A pausa que nunca foi pausa
Em qual outra categoria profissional a ida ao banheiro é descontada do salário?

O som da campainha escolar, para a grande maioria das pessoas, remete a uma memória afetiva de liberdade, correria e descanso. Para o aluno, é o momento de soltar as energias. No entanto, para quem está do outro lado da lousa, a realidade é drasticamente diferente.
Durante décadas, normalizou-se a ideia perversa de que o recreio e os intervalos entre aulas seriam "tempo livre" para o professor, muitas vezes não remunerado. Felizmente, o Supremo Tribunal Federal (STF) acaba de colocar um ponto final nessa distorção, confirmando o entendimento do TST de que esse período integra, sim, a jornada de trabalho remunerada.

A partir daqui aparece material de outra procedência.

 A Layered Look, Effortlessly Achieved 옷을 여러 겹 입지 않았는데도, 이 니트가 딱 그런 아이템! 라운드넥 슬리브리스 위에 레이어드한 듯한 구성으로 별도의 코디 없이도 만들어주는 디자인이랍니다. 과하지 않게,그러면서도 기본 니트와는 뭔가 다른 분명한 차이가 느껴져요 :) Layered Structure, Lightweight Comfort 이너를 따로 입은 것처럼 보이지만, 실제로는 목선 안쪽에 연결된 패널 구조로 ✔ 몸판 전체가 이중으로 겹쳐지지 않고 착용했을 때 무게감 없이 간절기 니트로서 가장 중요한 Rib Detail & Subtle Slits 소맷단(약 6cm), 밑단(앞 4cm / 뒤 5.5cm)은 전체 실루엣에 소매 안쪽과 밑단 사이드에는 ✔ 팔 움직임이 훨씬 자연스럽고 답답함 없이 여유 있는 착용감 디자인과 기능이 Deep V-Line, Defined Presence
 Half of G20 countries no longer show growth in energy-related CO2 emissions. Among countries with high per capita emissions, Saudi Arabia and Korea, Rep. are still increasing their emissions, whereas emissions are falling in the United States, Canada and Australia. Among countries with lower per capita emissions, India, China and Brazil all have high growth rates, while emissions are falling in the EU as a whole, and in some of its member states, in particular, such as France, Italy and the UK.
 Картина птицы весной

A decisão é um marco civilizatório nas relações trabalhistas educacionais. Pensemos friamente: em qual outra categoria profissional a ida ao banheiro, o gole rápido de café ou o simples deslocamento entre um setor e outro são descontados do salário? Num escritório corporativo, quando um funcionário levanta para esticar as pernas, seu ponto não é cortado. Por que, então, aceitamos por tanto tempo que o professor, ao sair de uma sala e caminhar até a sala dos professores, ou pior, permanecer no pátio vigiando alunos, estivesse "descansando"? A decisão da Corte Suprema corrige uma assimetria histórica e reafirma que o tempo à disposição do empregador é tempo de serviço.

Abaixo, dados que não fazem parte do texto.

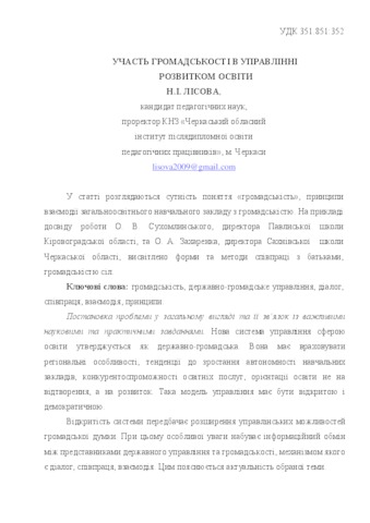 - Лісова, Н.І. (2010) The participation of community in the management of educational development Вісник Національного технічного університету «ХПІ» серія: «Нові рішення в сучасних технологіях», 46. pp. 114-119. ISSN 2079-5459
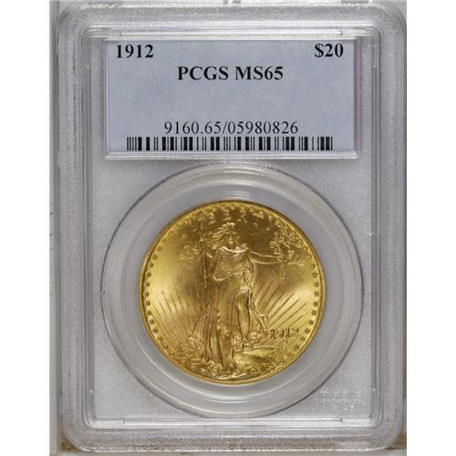 <B>1912 $20 MS65 PCGS.</B></I> This fully brilliant Gem has frosty olive-gold surfaces with hints of wispy rose toning. The surfaces are faintly abraded, although the marks that are visible remain strictly consistent with the MS65 grade. Gem quality examples of this issue are quite rare, especially when they are fully struck as this piece is. Dave Bowers noted: "In the context of double eagles of this era the 1912 is one of the scarcer issues. However, in absolute terms enough are around that you will have no difficulty in finding a nice one at, say, the MS-63 level. Gems are rare." With two Gem pieces in this sale, the present opportunity is quite remarkable. Population: 24 in 65, 4 finer (12/06).<BR><BR><b>Shipping:</b> Coins & Currency (<a target="_blank" href="http://www.heritageauctions.com/common/shipping.php">view shipping information</a>)
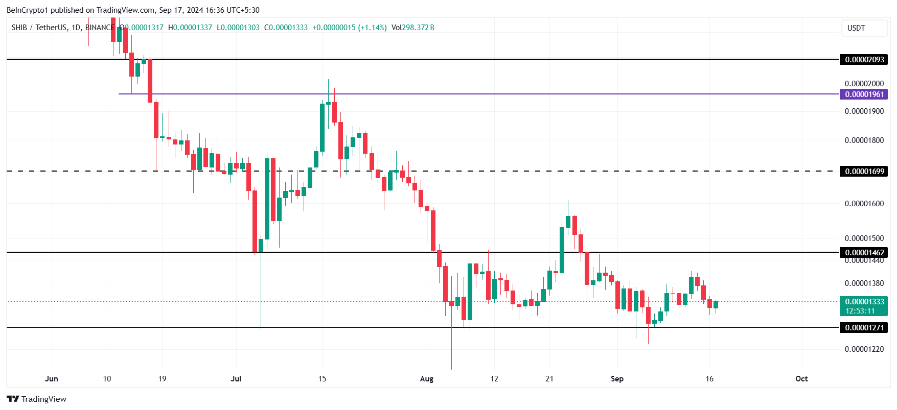 De koers van Shiba Inu (SHIB) beweegt zijwaarts, fluctuerend tussen $0,00001462 en $0,00001271 gedurende de afgelopen weken. De altcoin zit vast in dit bereik sinds begin augustus, op zoek naar bullish signalen om los te breken en omhoog te stijgen.

Essa validação jurídica ganha contornos ainda mais dramáticos e necessários quando olhamos para a Educação Infantil e os anos iniciais do Fundamental. Quem vive o chão da escola sabe que, nesses níveis, a palavra "intervalo" é uma ficção. O professor e, majoritariamente, a professora, não param. O recreio é o momento de fiscalizar a alimentação, apartar conflitos, prevenir acidentes no parquinho e garantir a integridade física de dezenas de crianças simultaneamente. É um estado de alerta constante, uma vigilância que exige carga mental e física. Dizer que isso não era trabalho remunerado não era apenas um erro jurídico, mas uma desumanidade que invisibilizava o cuidado intrínseco à docência.

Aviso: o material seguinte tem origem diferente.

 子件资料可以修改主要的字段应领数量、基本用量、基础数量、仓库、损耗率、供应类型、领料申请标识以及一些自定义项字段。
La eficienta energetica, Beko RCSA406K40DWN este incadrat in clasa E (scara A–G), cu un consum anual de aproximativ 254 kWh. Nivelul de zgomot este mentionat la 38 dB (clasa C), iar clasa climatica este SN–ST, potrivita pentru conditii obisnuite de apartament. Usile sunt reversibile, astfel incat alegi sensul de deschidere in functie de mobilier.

É fundamental destacar que essa vitória não caiu do céu. Ela não foi uma concessão benevolente das mantenedoras de ensino, tampouco um súbito despertar de consciência dos patrões. Esse reconhecimento é fruto direto da luta intransigente dos sindicatos. A defesa da categoria passa, obrigatoriamente, pela união em torno de quem nos defende institucionalmente.
Portanto, celebrar essa decisão é celebrar a valorização do magistério. Reconhecer o recreio como jornada é dizer, em alto e bom som, que cada minuto que o professor dedica à escola, seja lecionando frações, seja cuidando para que uma criança não se machuque no escorregador, tem valor. A educação não se faz apenas com giz e lousa; ela se faz com presença, cuidado e tempo. E tempo de professor é tempo valioso, que merece respeito, remuneração justa e dignidade. Que essa jurisprudência sirva de alicerce para avançarmos ainda mais na conquista de direitos que, embora pareçam básicos, ainda precisam ser arrancados com muita luta.
Eduardo Alves de Lima
Professor de História e Pedagogo, Diretor Social do Sinpro Rio Preto e Região.